Feature independence challenge

The Feature Independence challenge refers to the treatment of features as if they are independent of each other when calculating distance-based measures, whereas in practice they are often interdependent.

Definition of the concept of inversion

To address the challenges defined in section "Formulation of challenges related to similarity criteria", a similarity measure named Inv, which is based on the concept of inversion, is proposed. The mathematical definition of inversion is as follows:

Inversion: In a sequence \(S= \langle {a}_{1}, {a}_{2}, \dots , {a}_{n}\rangle\) of pairwise comparable elements \({a}_{i} (i=\mathrm{1,2},\dots ,n)\), a pair \(({a}_{i},{a}_{j})\) is called an inversion if \(i<j\) and \({a}_{i}>{a}_{j}\) [22].

The concept of inversion is illustrated by Practice 3.

Practice 3: Suppose we have five movies and we ask two people to rate them on a scale of 1 to 10 according to their preferences. In this example, an object is a person and it is represented by a vector with 5 features [24].

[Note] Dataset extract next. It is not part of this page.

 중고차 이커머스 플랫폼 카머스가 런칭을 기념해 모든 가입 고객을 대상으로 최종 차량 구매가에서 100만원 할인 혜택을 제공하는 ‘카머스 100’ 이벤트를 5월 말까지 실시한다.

$$person= \langle { Score(Movie}_{1}),{ Score(Movie}_{2}), { Score(Movie}_{3}), { Score(Movie}_{4}), { Score(Movie}_{5})\rangle$$

Scores are given in Table 3.

Table 3 Users’ ratings of movies

The definition of inversion for only one person is presented in Supplementary Example 1 (see Additional file 1). Let's now explore a more indirect application of the definition to determine the inversions between the scores of the two people. We arrange the movies for each person in a rank sequence based on preferences, with the highest-scoring movie first. Ties are resolved by ranking the movie with the lower movie number first. Person 1's sequence is \(\langle {Movie}_{1}, {Movie}_{5},{Movie}_{2},{Movie}_{3},{Movie}_{4}\rangle\), while Person 2's is \(\langle {Movie}_{1}, {Movie}_{3},{Movie}_{4},{Movie}_{2},{Movie}_{5}\rangle\). Renaming the movies based on Person 1's rank sequence, we get 〈1,2,3,4,5〉 for Person 1 and 〈1,4,5,3,2〉 for Person 2. Applying the inversion definition to the second sequence, we find 4 is inverted compared to 3 and 2 (two inversions), 5 is inverted compared to 3 and 2 (two inversions), and 3 is inverted compared to 2 (one inversion), totaling five inversions.

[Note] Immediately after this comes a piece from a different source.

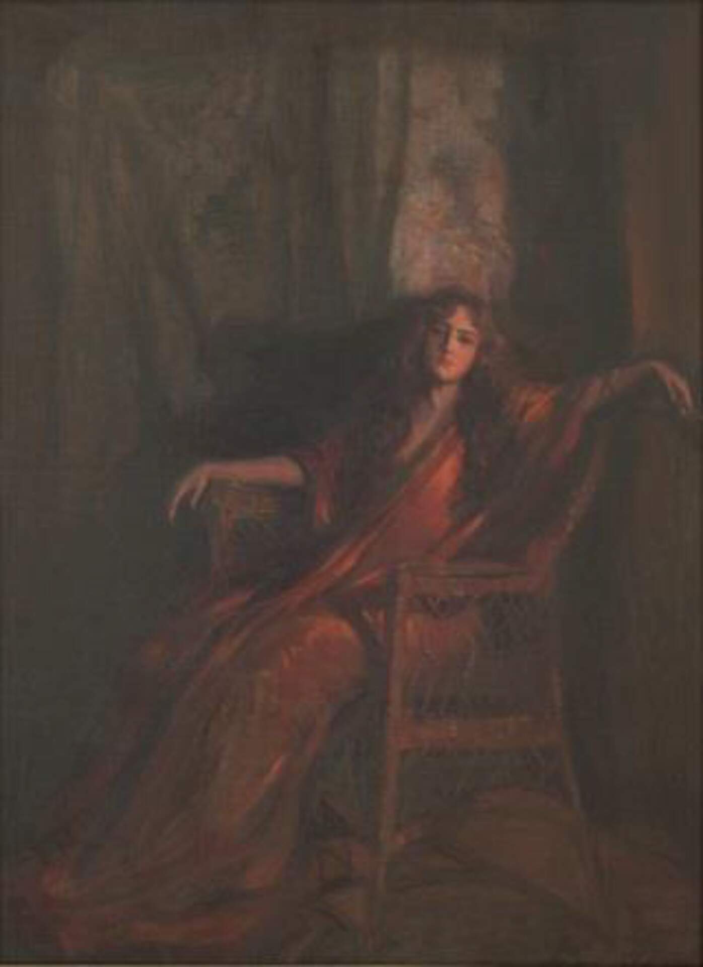 Untitled (Woman in red dress and shawl, seated in wicker chair with cigarette)

A visual method for counting inversions involves organizing movies for each person by their scores, highest to lowest, and connecting corresponding movies. The intersections of these lines indicate the number of inversions between the two sequences.

In Fig. 2, the five inversions are indicated by the five points where the lines intersect. The more different the sequences, the greater the number of the inversions. The minimum and maximum number of inversions of two vectors with n features are 0 and \(\frac{n\left(n+1\right)}{2}\), respectively [25]. Supplementary Code 1 contains the inversion calculation algorithm (see Additional file 1).

Fig. 2
figure 2

Each point of intersection between lines representing an inversion (practice 3)

Notice from Practice3 that the way ties are broken affects the number of inversions. The proposed way of resolving ties is to consider a default sequence for features, and when the values of two or more features are the same, their order will be based on the default order. For instance, in the movies database, priority is given to movies with smaller numbers. Thus, as Person 2 rated Movie 1 and Movie 3 equally at 9, Movie 1 takes precedence in the rank order.

Practice3 illustrates the importance of feature prioritization in cases where values are equal. Depending on specific requirements, certain features may need to be prioritized over others, which can have a considerable impact on the resulting number of inversions.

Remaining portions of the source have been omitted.